— What you should do —
Pick out the lines below that contain the string "This" and copy them all.

[Provided material Boundary: Start]

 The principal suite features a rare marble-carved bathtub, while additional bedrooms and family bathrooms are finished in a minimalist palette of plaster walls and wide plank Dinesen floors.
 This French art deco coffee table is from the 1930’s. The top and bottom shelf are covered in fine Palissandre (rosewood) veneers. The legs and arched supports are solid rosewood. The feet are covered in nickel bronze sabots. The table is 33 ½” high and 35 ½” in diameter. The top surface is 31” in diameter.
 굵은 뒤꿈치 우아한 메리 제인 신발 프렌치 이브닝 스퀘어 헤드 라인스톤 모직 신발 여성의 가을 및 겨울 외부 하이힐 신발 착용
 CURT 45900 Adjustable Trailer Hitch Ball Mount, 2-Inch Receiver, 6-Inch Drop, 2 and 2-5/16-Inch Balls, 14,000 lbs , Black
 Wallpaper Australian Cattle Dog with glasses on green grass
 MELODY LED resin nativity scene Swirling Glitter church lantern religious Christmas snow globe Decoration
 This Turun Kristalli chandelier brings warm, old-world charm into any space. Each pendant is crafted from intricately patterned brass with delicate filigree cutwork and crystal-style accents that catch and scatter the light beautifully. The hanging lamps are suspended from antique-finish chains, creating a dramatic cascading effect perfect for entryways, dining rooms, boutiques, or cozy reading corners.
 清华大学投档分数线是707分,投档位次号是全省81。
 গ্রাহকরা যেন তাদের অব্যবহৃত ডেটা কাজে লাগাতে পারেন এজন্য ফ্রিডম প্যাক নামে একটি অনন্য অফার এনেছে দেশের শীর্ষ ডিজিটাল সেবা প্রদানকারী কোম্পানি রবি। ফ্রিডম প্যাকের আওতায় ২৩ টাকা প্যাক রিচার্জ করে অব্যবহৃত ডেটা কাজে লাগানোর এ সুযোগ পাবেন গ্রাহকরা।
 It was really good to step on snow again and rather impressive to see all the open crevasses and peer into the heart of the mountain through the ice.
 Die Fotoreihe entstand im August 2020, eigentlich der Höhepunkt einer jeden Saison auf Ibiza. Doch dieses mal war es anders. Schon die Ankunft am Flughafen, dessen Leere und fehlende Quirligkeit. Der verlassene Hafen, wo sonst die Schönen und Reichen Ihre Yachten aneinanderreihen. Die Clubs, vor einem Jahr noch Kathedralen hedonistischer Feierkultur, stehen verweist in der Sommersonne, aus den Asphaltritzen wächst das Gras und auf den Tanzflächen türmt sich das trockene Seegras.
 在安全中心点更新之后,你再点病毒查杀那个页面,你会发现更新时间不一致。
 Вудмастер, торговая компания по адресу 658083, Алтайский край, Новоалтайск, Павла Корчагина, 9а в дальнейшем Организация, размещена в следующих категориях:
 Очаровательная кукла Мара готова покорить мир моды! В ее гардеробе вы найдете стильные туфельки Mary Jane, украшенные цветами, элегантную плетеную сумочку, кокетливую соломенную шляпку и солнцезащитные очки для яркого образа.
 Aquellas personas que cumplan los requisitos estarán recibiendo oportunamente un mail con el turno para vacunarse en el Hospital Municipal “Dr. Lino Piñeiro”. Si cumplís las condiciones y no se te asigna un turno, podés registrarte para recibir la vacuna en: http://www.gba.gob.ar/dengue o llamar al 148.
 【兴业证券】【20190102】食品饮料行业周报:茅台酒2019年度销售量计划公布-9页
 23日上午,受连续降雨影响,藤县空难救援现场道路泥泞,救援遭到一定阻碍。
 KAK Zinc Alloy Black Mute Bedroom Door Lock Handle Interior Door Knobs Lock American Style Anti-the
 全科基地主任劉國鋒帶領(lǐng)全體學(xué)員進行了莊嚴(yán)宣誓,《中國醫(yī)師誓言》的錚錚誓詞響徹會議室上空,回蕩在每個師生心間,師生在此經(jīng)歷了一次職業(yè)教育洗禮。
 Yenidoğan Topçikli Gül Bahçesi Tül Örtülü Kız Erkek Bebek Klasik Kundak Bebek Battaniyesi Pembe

[Provided material Boundary: End]

— Solution to the exercise —
 This French art deco coffee table is from the 1930’s. The top and bottom shelf are covered in fine Palissandre (rosewood) veneers. The legs and arched supports are solid rosewood. The feet are covered in nickel bronze sabots. The table is 33 ½” high and 35 ½” in diameter. The top surface is 31” in diameter.
 This Turun Kristalli chandelier brings warm, old-world charm into any space. Each pendant is crafted from intricately patterned brass with delicate filigree cutwork and crystal-style accents that catch and scatter the light beautifully. The hanging lamps are suspended from antique-finish chains, creating a dramatic cascading effect perfect for entryways, dining rooms, boutiques, or cozy reading corners.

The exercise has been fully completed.